Став на ноги, но всё ещё с опущенной головой, фра Кристофоро отвечал:
— Так я могу, стало быть, надеяться, что вы даруете мне прощенье? А если я получу его от вас, кто же ещё сможет отказать мне в нём? О, если бы я мог услышать из уст ваших это слово — прощение!
— Прощение? Вы в нём больше не нуждаетесь. Но всё же, раз вы так хотите, то, разумеется, разумеется, я прощаю вас от всего сердца, да и мы все…
— Все, все! — в один голос подхватили присутствующие.
Лицо монаха озарилось благодарною радостью, сквозь которую всё же просвечивало смирение и глубокое сожаление о том зле, исправить которое не в силах было никакое человеческое отпущение. Сражённый этим зрелищем и охваченный общим волнением, хозяин заключил монаха в объятия, и они братски облобызались.
— Молодчина! Отлично! — раздалось со всех концов залы, все сразу двинулись и окружили монаха.
Тем временем появились слуги, неся обильное угощение. Хозяин приблизился к нашему Кристофоро, который явно собирался уйти, и сказал ему:
— Падре, отведайте хоть немного, явите мне этот знак вашего расположения!

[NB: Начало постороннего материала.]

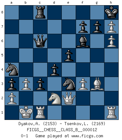 Last move : 0-1 2007 June 11 7:19:48 [Event "FICGS__CHESS__CLASS_B__000012"] [Site "FICGS"] [Date "2007.01.04"] [Round "1"] [White "Dyakov,Alexander"] [Black "Tsenkov,Ljubomir"] [Result "0-1"] [WhiteElo "2153"] [BlackElo "2169"] 1.e4 c5 2.Nf3 d6 3.d4 cxd4 4.Nxd4 Nf6 5.Nc3 a6 6.Be3 e5 7.Nb3 Be6 8.f3 Be7 9.Qd2 O-O 10.O-O-O b5 11.g4 b4 12.Nd5 Bxd5 13.exd5 a5 14.g5 Nfd7 15.Kb1 Qc7 16.h4 Nb6 17.h5 N8d7 18.Qd3 a4 19.Nd2 Ra5 20.Qf5 Rxd5 21.Bd3 Rxd3 22.Qxd3 d5 23.g6 d4 24.Bf2 Nd5 25.gxh7+ Kh8 26.Qc4 Qb7 27.Rde1 Rc8 28.Qd3 Qc6 29.Bg3 Ne3 30.Rc1 a3 31.b3 Nc5 32.h6 Bf6 33.Qe2 Na4 34.c4 bxc3 0-1 Sicilian : Najdorf, Byrne (English) attack Kingside Castling by player Black (move 9) Queenside Castling by player White (move 10) Player Black won this chess game. Follow this game move after move (download)Live, lose, and learn, by observing your opponent how to win. (Amber Steenbock) Alle offensichtlichen Züge sehen nach dem Spiel in der Analyse verdächtig aus. (Viktor Kortschnoi) Combinaciones deslumbrantes son para la mayoría, mover madera es para los pocos. (Georg Kieninger) On a dit que l'homme se distingue de l'animal par le fait qu'il achète plus de livres qu'il ne peut en lire. Je voudrais suggérer qu'inclure à la liste des livres quelques livres d'échecs rendrait la distinction manifeste. (Edward Lasker) It's not the size of the dog in the fight, it's the size of the fight in the dog. (Mark Twain)

И он принялся угощать его первым. Но тот, отступая и дружески отказываясь от угощения, ответил:
— Всё это теперь не для меня; однако я нимало не хочу отвергнуть ваши дары. Я собираюсь в дальний путь, так прикажите подать мне хлеба, и я смогу тогда говорить, что пользовался вашей милостыней, ел хлеб ваш — знак прощения.
Растроганный хозяин так и велел сделать, и через минуту появился слуга в парадной ливрее, неся на серебряном блюде хлеб, и поднёс его монаху; тот взял его и, поблагодарив, положил в суму. После этого он попросил разрешения удалиться; ещё раз обнявшись с хозяином дома и со всеми, кто стоял неподалёку и успел на мгновенье приблизиться к нему, он с трудом вырвался от них; пришлось ему выдержать целое сражение и в передних, чтобы отделаться от слуг и даже от брави, которые целовали края его одежды, вервие, капюшон; наконец, выбрался он на улицу; огромная толпа народа словно в триумфе понесла его на руках и провожала до городских ворот, через которые он и вышел, начиная свой пеший путь к месту послушничества.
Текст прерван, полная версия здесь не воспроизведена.